Instructions for the task: This task calls for the lines below starting at the one containing "DA Direkt kommuniziert" and ending at the one containing "PRIMO PS-12 Anodized", repeated exactly with both ends kept and pictures left out.

Record set:
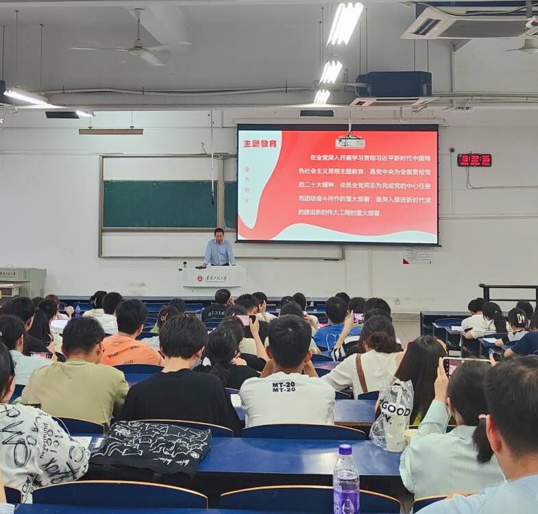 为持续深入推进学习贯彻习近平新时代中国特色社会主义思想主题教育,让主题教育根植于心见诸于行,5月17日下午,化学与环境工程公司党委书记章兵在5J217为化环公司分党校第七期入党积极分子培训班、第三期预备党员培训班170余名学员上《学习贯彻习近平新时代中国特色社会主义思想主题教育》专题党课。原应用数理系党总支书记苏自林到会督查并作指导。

--

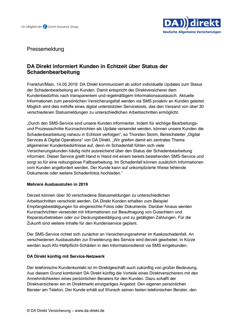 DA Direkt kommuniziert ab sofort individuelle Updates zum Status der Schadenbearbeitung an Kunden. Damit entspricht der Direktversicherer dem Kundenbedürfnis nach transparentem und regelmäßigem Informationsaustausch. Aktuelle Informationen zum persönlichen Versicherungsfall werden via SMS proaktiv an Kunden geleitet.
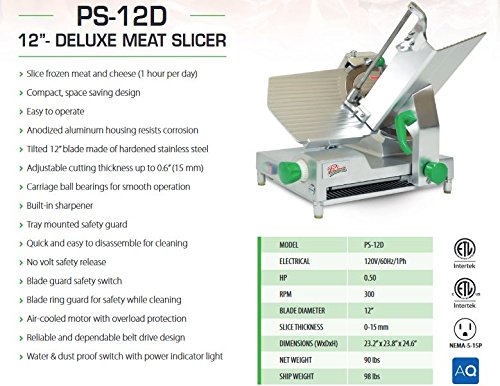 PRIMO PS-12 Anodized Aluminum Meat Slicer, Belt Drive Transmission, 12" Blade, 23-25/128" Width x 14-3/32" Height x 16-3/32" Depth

Solution to the problem:
 DA Direkt kommuniziert ab sofort individuelle Updates zum Status der Schadenbearbeitung an Kunden. Damit entspricht der Direktversicherer dem Kundenbedürfnis nach transparentem und regelmäßigem Informationsaustausch. Aktuelle Informationen zum persönlichen Versicherungsfall werden via SMS proaktiv an Kunden geleitet.
 PRIMO PS-12 Anodized Aluminum Meat Slicer, Belt Drive Transmission, 12" Blade, 23-25/128" Width x 14-3/32" Height x 16-3/32" Depth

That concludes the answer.